The spread of coronavirus among a number of Republican senators also adds potential complications for Congress, which is at the heart of America’s contentious Supreme Court nomination battle and would also need to legislate on any fresh stimulus even if Republicans and Democrats managed to come to terms on a deal. Despite that, there is increased optimism about the chance of stimulus and Trump himself tweeted Saturday from the hospital that the economy needs a deal, urging negotiators to “get it done.”

“There is an underlying belief that even if an agreement cannot be struck now, a package could be approved in the lame-duck session, and a larger effort next year” and “the configuration of political and economic considerations strongly points to more fiscal support,” said Marc Chandler, chief market strategist at Bannockburn Global in New York. “The relatively light economic calendar in the week ahead may not get in the way of a resumption underlying trend in risk assets higher,” he said.

With the situation in Washington in flux, markets may be wary without being panicked as trading in Asia gets underway Monday.
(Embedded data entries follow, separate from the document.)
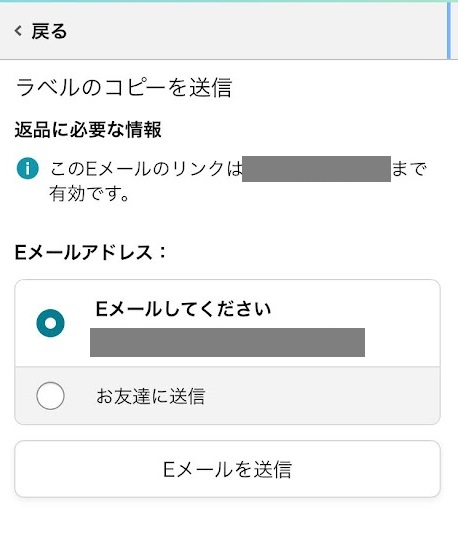 メールアドレスに返送用のラベルのコピーを送ることができます。
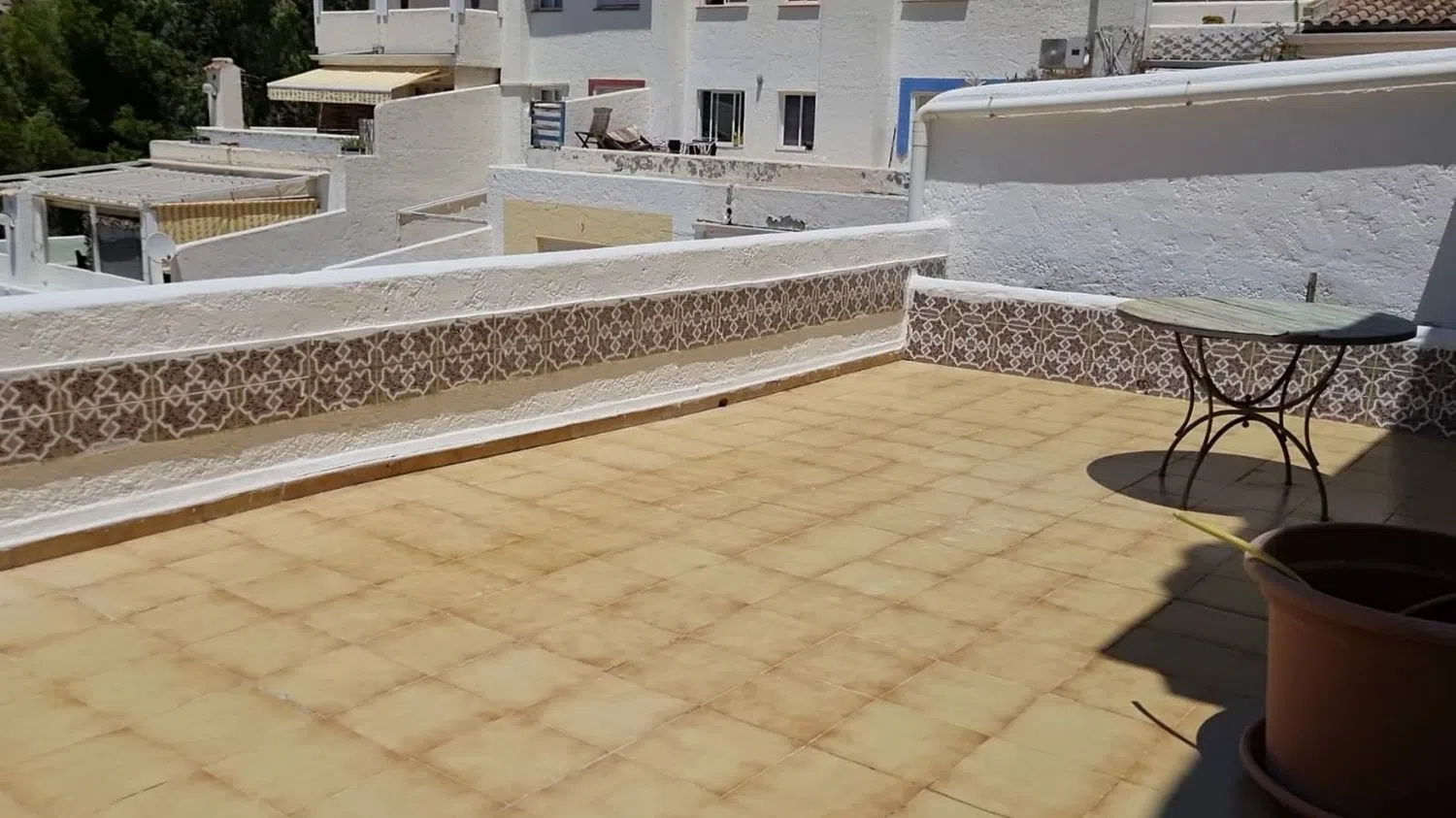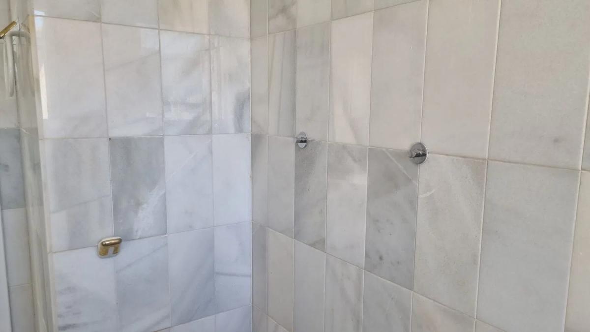 Bungalow de una planta con terraza de 60 metros, dos dormitorios, cocina independiente, baño de mármol, espectacular piscina pegasa al mar, portero físico, entrada directa desde la calle.
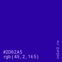 Цвет #2D02A5 в цветовой модели RGB обозначается тремя октетами (45, 2, 165) в десятичном формате и #2D02A5 в шестнадцатиричном (hex) формате, которые являются интенсивностью красного 45 (hex 2D), интенсивность зелёного 2 (hex 02) и интенсивность синего 165 (hex A5).
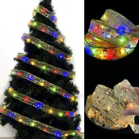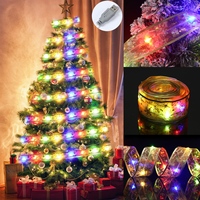 Christmas Tree Decoration Ribbon LED String Lights Christmas Tree Decoration Ribbon Led Light String Lights With Holiday Gift Box Bow Satin Copper Wire Lights – 10M
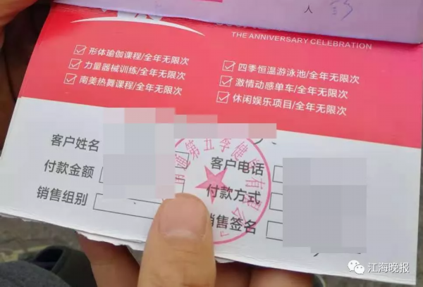 张先生拿出一份名为“黑曼巴健身会员服务协议”的粉红色复印件,指着上面的文字介绍:“和客服人员洽谈后,我按照他们的要求先交了50元定金,办会员卡后充值了2300元,享受缴一年钱、送一年活动时间的优惠待遇。可是,你看看,这一年时间才刚刚要到。这店就关门大吉了,这不是坑人又是什么?”

Holidays in China may also dampen activity, while political developments from the Caucasus to the U.K. could stir movements in some individual currencies.
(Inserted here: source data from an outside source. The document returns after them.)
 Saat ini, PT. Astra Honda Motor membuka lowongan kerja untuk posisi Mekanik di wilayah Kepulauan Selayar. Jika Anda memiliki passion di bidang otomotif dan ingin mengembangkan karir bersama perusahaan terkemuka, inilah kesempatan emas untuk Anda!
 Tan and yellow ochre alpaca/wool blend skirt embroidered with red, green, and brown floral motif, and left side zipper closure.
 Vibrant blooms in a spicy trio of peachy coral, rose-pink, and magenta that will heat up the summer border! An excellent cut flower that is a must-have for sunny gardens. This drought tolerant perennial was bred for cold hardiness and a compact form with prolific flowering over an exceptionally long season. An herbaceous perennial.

Britain’s pound held onto its advance from Friday and was quoted around $1.2934 after the U.K. and the European Union agreed to step up their negotiations over a post-Brexit trade accord. British Prime Minister Boris Johnson held a video call with European Commission President Ursula von der Leyen on Saturday in which both renewed their commitment to getting a deal. Meanwhile, ongoing hostilities between Azerbaijanis and Armenians and the involvement of both Russia and Turkey in the dispute are likely to keep a strong focus on the ruble and the lira.

The focus for most traders globally, though, will be squarely on Trump, his illness and the upcoming election battle.

“We have arrived in no man’s land,” wrote Andreas Rees, an economist at UniCredit Bank in Frankfurt. “Until someone has been sworn in on 20 January, there will be lots of uncertainty and volatility in financial markets.”